Today, we’d like to share a message from Lorraine H., Deputy Fire Chief for the San Diego Fire-Rescue Department and Susan G. Komen San Diego’s 2014 Honorary Breast Cancer Survivor.
As Susan G. Komen San Diego’s 2014 Honorary Breast Cancer Survivor for the Susan G. Komen San Diego Race for the Cure®on November 2, and a Susan G. Komen 3-Day walker, it is my goal to bring awareness to this disease. The critical message is that one in eight women in the U.S. will be diagnosed with breast cancer in her lifetime. In addition, as an African American woman, I am concerned with the disparity that exists in African American women diagnosed with breast cancer compared to other races. Breast cancer in African American women is the most common cancer and second leading cause of cancer deaths. Although incidence rates are lower in African American women, the mortality rate is 41% higher than their Caucasian counterparts. I commend the Susan G. Komen California Coalition for recognizing this and taking action in the form of an initiative to address the disparities at both the system and individual levels.

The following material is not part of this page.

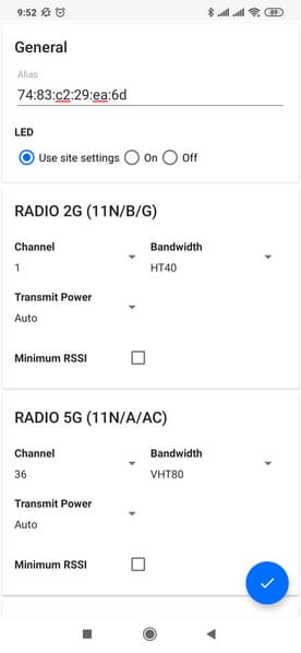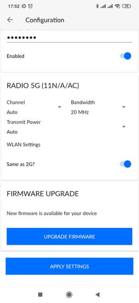 Собственно настройки беспроводных сетей через мобильное приложение минимальные — выбор имени, номера канала, ширины канала, мощности передачи и защиты (здесь можно выбрать WPA2-PSK). Можно использовать одинаковые параметры для имени и защиты для двух диапазонов или же выбрать разные. Для каналов и мощности передачи есть варианты «Авто» или ручной установки. Кроме того, можно изменить имя для точки доступа, отключить светодиод статуса, независимо выключить радиоблоки, обновить прошивку (с загрузкой новой версии через Интернет). В штатном режиме работы индикатор горит синим. В документации приводится описание и других статусов (например, мигание синим — обновление прошивки).
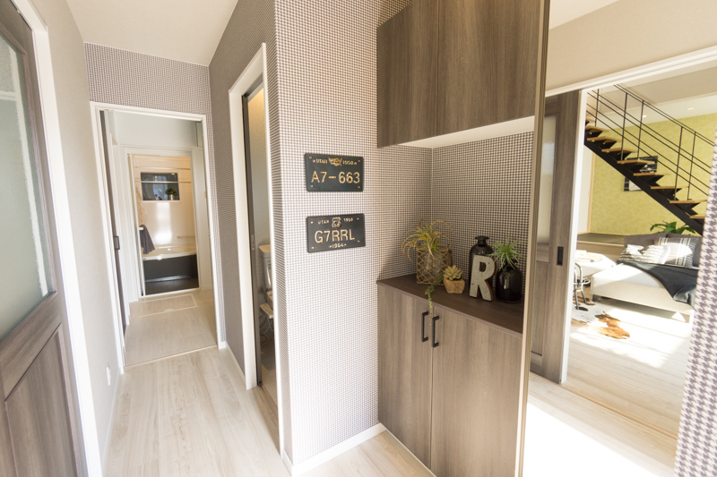 玄関を入ると、なんだかほっとする優しいニュアンスカラー。

Having survived breast cancer, it is my responsibility to give back to the community. If I can use my voice, my face, my story, my experience to get the message out about the benefits of early detection through mammograms and screenings while providing information about the resources that are available through Komen, then I believe that I will be doing what I’ve been called to do.
I hope by sharing my story I will do three things:
- ENCOURAGE women to advocate for their health. Women that are due for a mammogram must get one. We’ve all heard excuses such as “I don’t have time” or “it hurts.” None of these excuses are acceptable and none of them are worth dying for.
My cancer was found through a mammogram. I could not feel a lump. I went in for my annual mammogram and soon after I was asked to return to the office for a follow-up. The message said it was nothing to worry about, so I didn’t. I didn’t return for a follow up until several months later. Because I did not have a family history of breast cancer, I thought I was not at risk. Fact is, data reports that 70% of women diagnosed with breast cancer have no family history.
When I finally did return for a follow-up mammogram, and after a subsequent ultrasound and biopsy, I was devastated to learn four days later that I had breast cancer.
I want women to learn from my experience and not make the same mistakes.
- INSPIRE women by sharing my cancer journey. Four months before being diagnosed with breast cancer, I was diagnosed with diabetes. Diabetes runs in my family. Devastated by this diagnosis and not wanting to go on diabetes medication or insulin, I chose to go through a medically supervised weight loss program. Six weeks into the program and after losing 35 pounds, I was diagnosed with cancer. Throughout my surgery, treatment and beyond, I have managed to maintain the weight loss by following a healthy diet and strict daily exercise regimen. Because of the lifestyle I’ve chosen, I am proud to say that I am diabetes and cancer-free!
- MOTIVATE everyone regardless of the challenges or adversities you face, to focus on the positive and always try to do WHAT YOU CAN DO to BE THE BEST THAT YOU CAN BE every single day. Going through tough times builds inner strength and character. I have been a firefighter for 24 years and advanced through the ranks from firefighter to deputy chief. Those are significant accomplishments, by anyone’s standards, for an African American woman in a predominantly male profession. However, nothing compares to the accomplishment of surviving breast cancer.
With the help of God, my doctors and my support network, I fought cancer and won. My mantra throughout my journey was “I will come out on the other end of this a better person.” I have, but I’m not done. It’s a continuous process and I choose to make the most out of every day.
My one-year cancer journey culminated by successfully finishing the 2013 Komen 3-Day in San Diego. It was seven months after my last chemotherapy treatment, and I was still suffering from some side effects. Despite that, nine amazing friends (fellow firefighters and friends) finished every step of the 60-mile journey by my side. Between team members and supporters we had more than 20 people rooting for us – as well as the entire San Diego community! We couldn’t have done it without them.
The feeling of accomplishment was amazing and giving back in such a bold way was even more rewarding than I could have ever expected. As I stepped into PETCO Park at the end of the walk, I was overwrought with emotion. It felt as though all of my suffering, physically and emotionally, was over and I could begin my life anew. I’ve always wanted to do the 3-Day but, like many others, the fundraising daunted me.
The entire group of 11 walkers raised the money through multiple FUNdraisers. I emphasize FUN because we really did have a good time raising money together. Our 3-Day team continues to grow this year and we all have people we are walking for.
This is a cause I truly believe in and as long as my legs can walk, this is how I will pay it forward. I knew I would do the 3-Day one day but nobody knew how soon and under what circumstances it would finally become my reality!